Celebrity advice (was: Advice to a Junior in High School?)

Alex Martelli aleax at aleax.it
Thu Aug 28 08:41:19 EDT 2003


Colin J. Williams wrote:
   ...
>> " Every political choice ultimately reduces to a choice about when and
>> how to use lethal force, because the threat of lethal force is what
>> makes politics and law more than a game out of which anyone could opt
>> at any time."
   ...
> We seem to be straying from Python and/or advice to a your person, but
> the third paragraph is clearly nonsense.
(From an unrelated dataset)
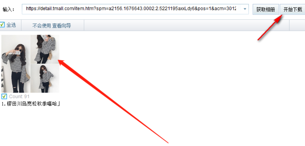 3.获得商品图片相册之后我们在界面中就可以看到商品相册列表了,如下图中所示,然后点击右上方的开始下载按钮即可开始下载。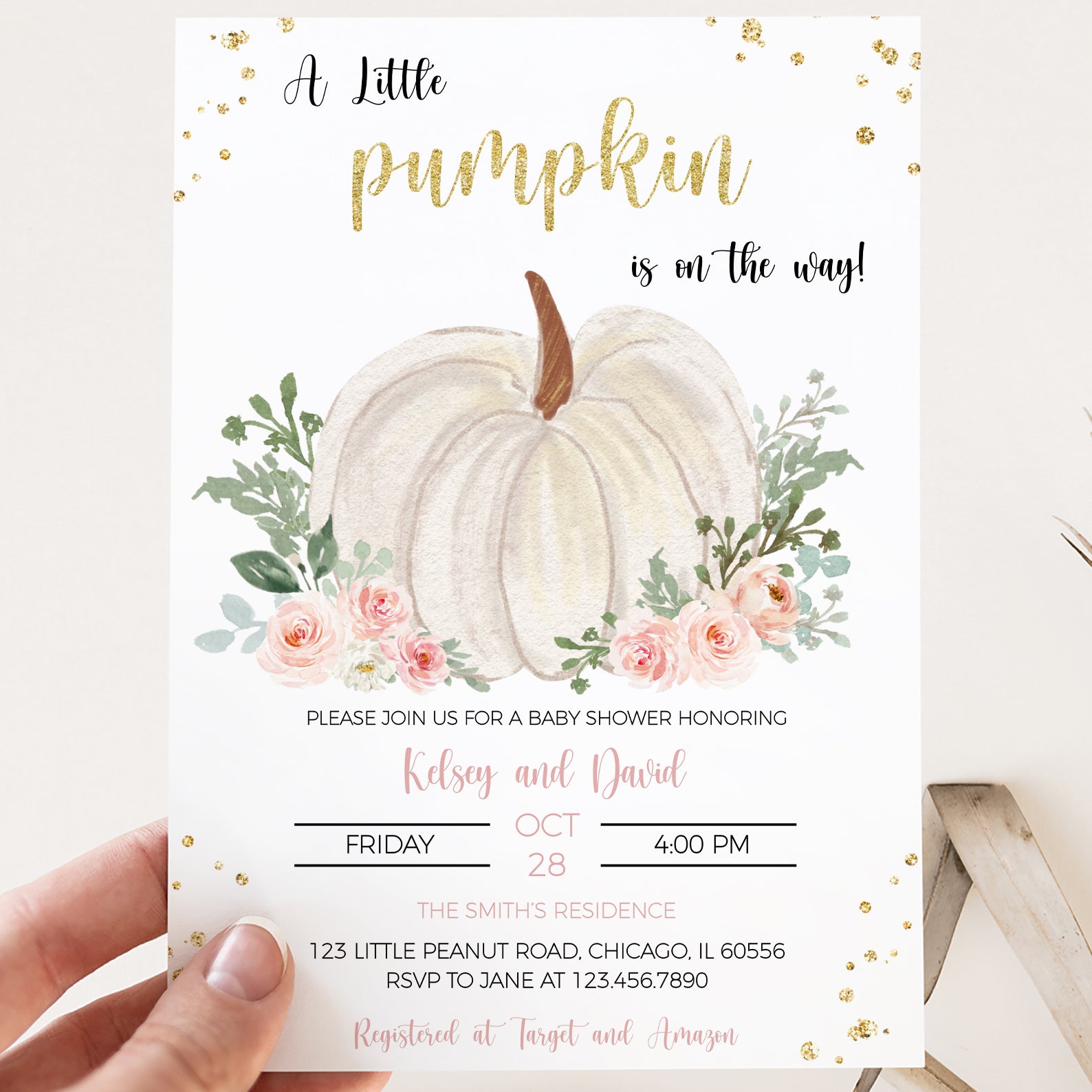 - Purchase this A Little Pumpkin Pink & Gold Fall Baby Shower Digital Invite template

Not necessarily.  I suggest going to essayists on a similar theme that
are of a lesser "polemist" inclination and more of a "deep thinker" one,
such as Economics Nobel prize-winner Friedrich von Hayek: I think he
makes one of the best presentations of the classic theme of government
being about instituting a commonly agreed "monopoly of violence" and all
that follows from it.  Hobbes was the first (IMHO) to state this out
clearly in modern times (although for contemporary readers this more
general theme may be made harder to see by Hobbes' defence of the
specific political form "Absolutism" as THE way to achieve this), and
you can also find some tangential treatments in (e.g.) Betham and
John Stuart Mills (as well as in thinkers of a completely different
stripe such as Friedrich Engels and Mao Tse Tung), but I think Hayek
has the most lucid, "neutral" presentation.
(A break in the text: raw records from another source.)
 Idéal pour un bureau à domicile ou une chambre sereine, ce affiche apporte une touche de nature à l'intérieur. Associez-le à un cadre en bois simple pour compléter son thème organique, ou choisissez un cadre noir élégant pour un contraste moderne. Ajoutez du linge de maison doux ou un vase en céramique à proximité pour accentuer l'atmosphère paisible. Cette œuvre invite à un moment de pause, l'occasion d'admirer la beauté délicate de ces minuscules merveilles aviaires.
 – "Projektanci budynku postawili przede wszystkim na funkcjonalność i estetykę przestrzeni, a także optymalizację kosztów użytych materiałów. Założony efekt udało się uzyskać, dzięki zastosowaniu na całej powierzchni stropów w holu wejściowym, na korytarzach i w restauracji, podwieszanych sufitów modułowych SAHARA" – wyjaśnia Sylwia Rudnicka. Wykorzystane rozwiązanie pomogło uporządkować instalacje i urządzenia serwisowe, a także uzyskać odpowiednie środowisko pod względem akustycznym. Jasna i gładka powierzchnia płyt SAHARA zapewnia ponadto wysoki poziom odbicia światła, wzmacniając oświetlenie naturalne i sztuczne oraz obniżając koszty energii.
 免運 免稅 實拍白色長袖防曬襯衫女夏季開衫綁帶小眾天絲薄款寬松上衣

Of course making this argument about POLITICS rather than about
GOVERNMENT does require restricting the meaning of "politics" quite
specifically (and etymologically) -- "office politics" isn't about
government, nor is (e.g.) the kind of organizational politics that
may take you to the top of volunteer organizations such as a
charity or a bocce club.  But if by politics we mean, strictly,
politics connected with determining government and laws, then the
point is well made, if deep.

To see it clearly you have to reason about, what does it mean that
something is LAW rather than just a convention, common sense, or
good manners.  The difference is that, if it's law, then, ultimately,
breaking it carries an implicit threat of potentilaly lethal force 
(in most cases through stages, e.g. you could first be fined, then
if you refuse to pay your fines they could try to take away your
possessions such as a car, if you defend your car they'll try to
stick you in jail, if you resist arrest effectively enough you may
end up being shot in the resulting firefight).

For example, consider the following issue:

> To give an example.  In Canada, over the next year or more, the Members
> of Parliament and the Senators will have to make a choice as to whether
> gay marriage is to continue in this country.  No threat of force exists.
> A decision will be made and the populace will accept it as being more or
> less democratic.

What does it mean for the government to say that the union of two men
can (or cannot) legally be "marriage" rather than "just a de facto
union"?  It means such a union confers rights and therefore obligations
on various parties and that the government implicitly threatens all of
its usual levels of reprisal (ultimately backed by its hoped-for
monopoly in organized use of lethal force) against violators of the law.

Say that A and B are [a] married or [b] just de facto "together".  A
lies dying in a hospital and B wants to visit A on hir deathbed.  In
case [a] the government forces the hospital to admit B; in case [b]
there is no such obligation and most hospitals will in fact not admit
visitors that are unrelated to the patient into some sections in which
close relatives (including spouses) WOULD be admitted (wiht all due
precautions, of course).  So, in case [a] (legal marriage), B can get
a court order if the hospital staff blocks B's entry, and if the hospital
does not respect the court order in the end police will enforce it...
all the way to threat or even use of legal force if necessary.

If a law is not mere words, with no pragmatical side to them, it must
eventually rest on that same implied promise (to the holders of rights
conferred by the law) and threat (to the holders of obligations imposed
by the law, were they to persistently flout and resist the obligations).

Of course, if Hayek is correct, then saying that we do NOT want the
government to have the monopoly of lethal force is exactly equivalent
to saying we do not want effective government (Hobbes would surely
argue that way) -- we prefer deliberately-hobbled government to
government that is maximally effective.  In this day and age it's hard
to make a case for deliberately inefficient arrangements, although it
IS possible to do so (e.g., the mandatory trailing ':' in the head
clauses of several Python statements;-).  People who don't want ID
cards to exist, don't want government DB's to be cross-linked, etc,
plead much the same case -- they prefer inefficient government (whose
inefficiencies may help terrorists and other criminals) to efficient
government (whose efficiency might allow more effective oppression).